By GABRIELLA BOCK | Reporter
Those who find themselves lusting for the simplicity of yesteryear—or those who haven’t quite adapted to a world run by iPhones—will find common allies in the upcoming documentary “California Typewriter.”
Directed, photographed and edited by Doug Nichol, the title is taken from one of the last remaining typewriter shops in the world and follows Berkeley shopkeeper Herbert Permillion III as he attempts to keep a decades-long family passion well-oiled and in working order.
Self-funded and filmed over a period of five years, the documentary features interviews with actor-writer-producer and Palisadian Tom Hanks and his collection of more than 250 vintage typewriters.

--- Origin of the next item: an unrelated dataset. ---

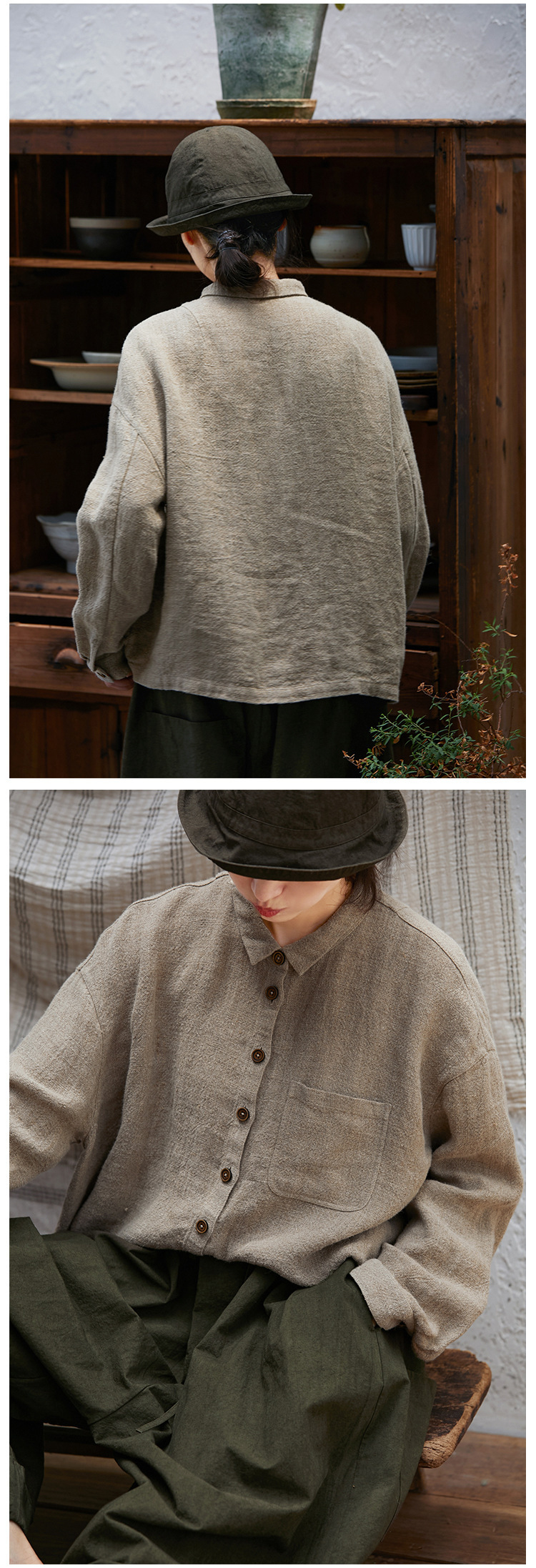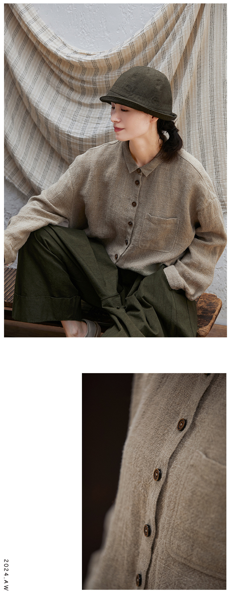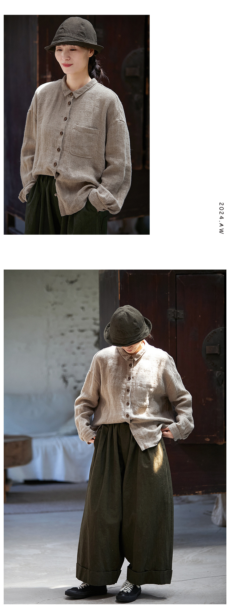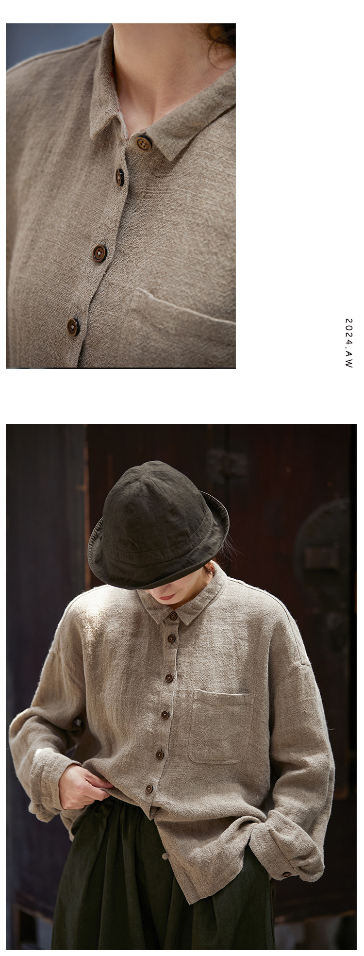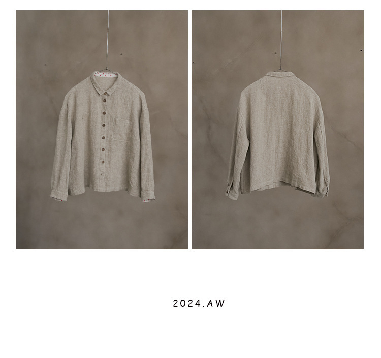 2025 봄 와비사비 잔디와 나무 레인 듀 린넨 희귀 원사 클래식 캐주얼 다목적 공예 루즈 셔츠 여성용스토어 가기

Hanks, who is preparing to launch his first book of typewriter-themed short stories in October, has been public with his adoration for the manual typing machines over the years.
He’s even created the app “Hanx Writer,” which allows users to send texts with key tones that sound with the thunderous “clack clack” that once dominated busy newsrooms and the leather-bound studies of great mid-century writers.
(According to Allen Ginsberg, who scripted by hand, Jack Kerouac was one of the fastest typists among writers—approaching 110-120 wpm).
The film also features interviews with former Palisadian and singer-songwriter John Mayer, Pulitzer Prize-winning biographer David McCullough and the late Sam Shepard.
After making its premiere at the 2016 Telluride Film Festival, the rights to “California Typewriter” were purchased by Gravitas Ventures when the film garnered critical acclaim.
Gravitas Founder and CEO Nolan Gallagher later told members of the press that the thought-provoking documentary is “timely” in an age where technology can thwart effective communication.
Still a few weeks away, “California Typewriter” will arrive in select theatres Aug. 18.